PyNN is a Python based framework for describing neuronal network models.
It is widely used in the computational neuroscience and neuromorphic computing communities. A PyNN interface for GeNN has already been developed (https://github.com/genn-team/pynn_genn) so that users of PyNN are able to benefit from accelerated GPU simulations with GeNN. However, there are several areas in which it could be improved:
Offloading initialisation of connectivity and initial state to the GPU.
Replacing spike sources connected with one-to-one connectivity with current sources to reduce spike processing overheads.
A final stretch goal would be doing some benchmarking of the performance of simulations implemented directly in GeNN and using PyNN GeNN.
Skills required: Python, PyNN, C/C++; experience with neuronal network simulations and SWIG would be helpful.
If you are interested in getting started with this project, a good first step might be to install PyNN GeNN (I would recommend using it with the GeNN 4.1.0 release obtained from our release page) and try some of the examples in the official PyNN repository. Then maybe have a look at the PyNN documentation and start having a look at the source code for PyNN GeNN to see how they interface. There is also a fairly well-populated issue tracker.

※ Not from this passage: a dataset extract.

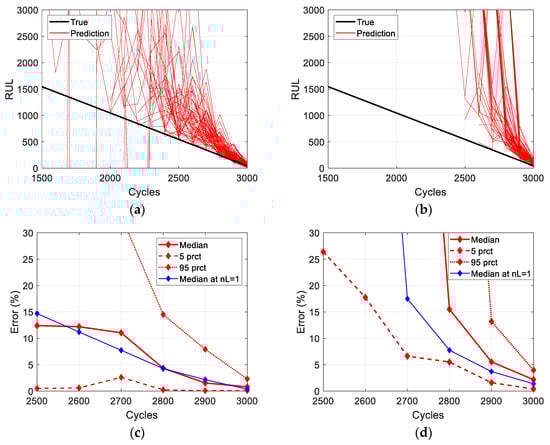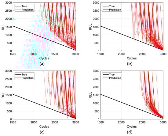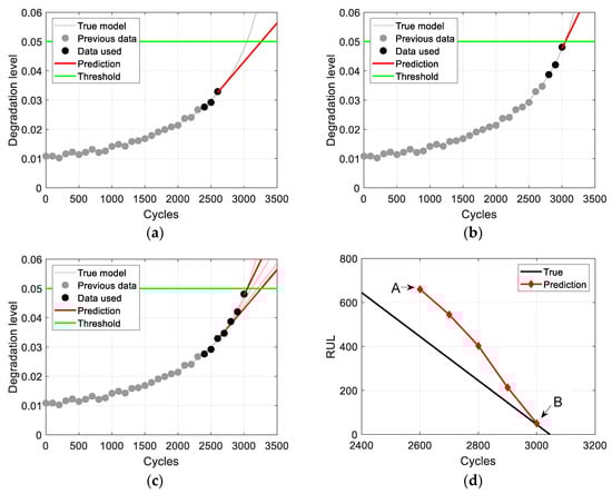 Step 1 ended at 2600 cycles (), and Step 2 in Equation (5) starts with , assuming . The first prediction in the accelerated growth stage starts at 2600 cycles, and the result is shown in Figure 5a. In the figure, the prediction result, denoted by the red line, is obtained using the most recent three data points, represented by the black dots. The predicted EOL, which is when the red line reaches the green horizontal line (), is 3260 cycles. Therefore, the RUL becomes 660 cycles (), as indicated by the red diamond marker at 2600 cycles in Figure 5d. For reference, the gray curves in Figure 5a–c represent the true degradation behavior, and the black diagonal line in Figure 5d represents the true RUL. The last prediction in this stage is performed at 3000 cycles (), also using the most recent three data points, as shown in Figure 5b. The RUL prediction is indicated by the red diamond marker at 3000 cycles in Figure 5d. The red lines in Figure 5c show five prediction results performed every 100 cycles from 2600 to 3000 cycles. The final result obtained from the proposed method is the RUL prediction for the entire accelerated growth stage, as shown in Figure 5d.

I am Alish Dipani, an undergraduate student from India. My research interests are applications of Artificial Intelligence in biology and neuroscience. I already have some research experience with Spiking Neural Networks and I am highly interested in applications of SNNs. Currently, I am working as a research intern at TCS innovation labs where I am working on hand gesture recognition using SNNs on SpiNNaker. I have attached my resume here.
I also have experience with Open Source as I participated in GSoC 2019 with the Ruby Science Foundation (Project Link). I worked on Rubyplot: an advanced plotting library for Ruby. I was also selected for the Ruby Association Grant 2019 (Link) for further development on Rubyplot.
This project and project number 7 highly match with my interests and therefore I would love to contribute to these projects.
Since I do not have any experience with GeNN, I will start by familiarising myself with GeNN and pyGeNN, please do guide me for the further steps to be taken for contributing.
I am well versed with PyNN as SpiNNaker uses SpyNNaker which is built upon PyNN.
Looking forward to working with you and being a part of the INCF community.
Apologies for the slow response, you sound to have exactly the selection of skills we’re looking for for these projects! As this is more of a software engineering project, getting to know the PyNN GeNN codebase and looking at some issues would be a great preparatory step! I just had a look through and https://github.com/genn-team/pynn_genn/issues/43 would be useful and comes with a fairly minimal example and some implementation suggestions so could be a good starting point.
I’ve had some questions about this project and, regarding the offloading of initialisation, it will probably be worth reading our recent paper in which we describe the rationale behind this and the relevant section of the manual about how this works in C++.
We’ve just made a new release of GeNN (4.2.0) which includes several fixes for PyGeNN which you are likely to find useful if you’re working on this project.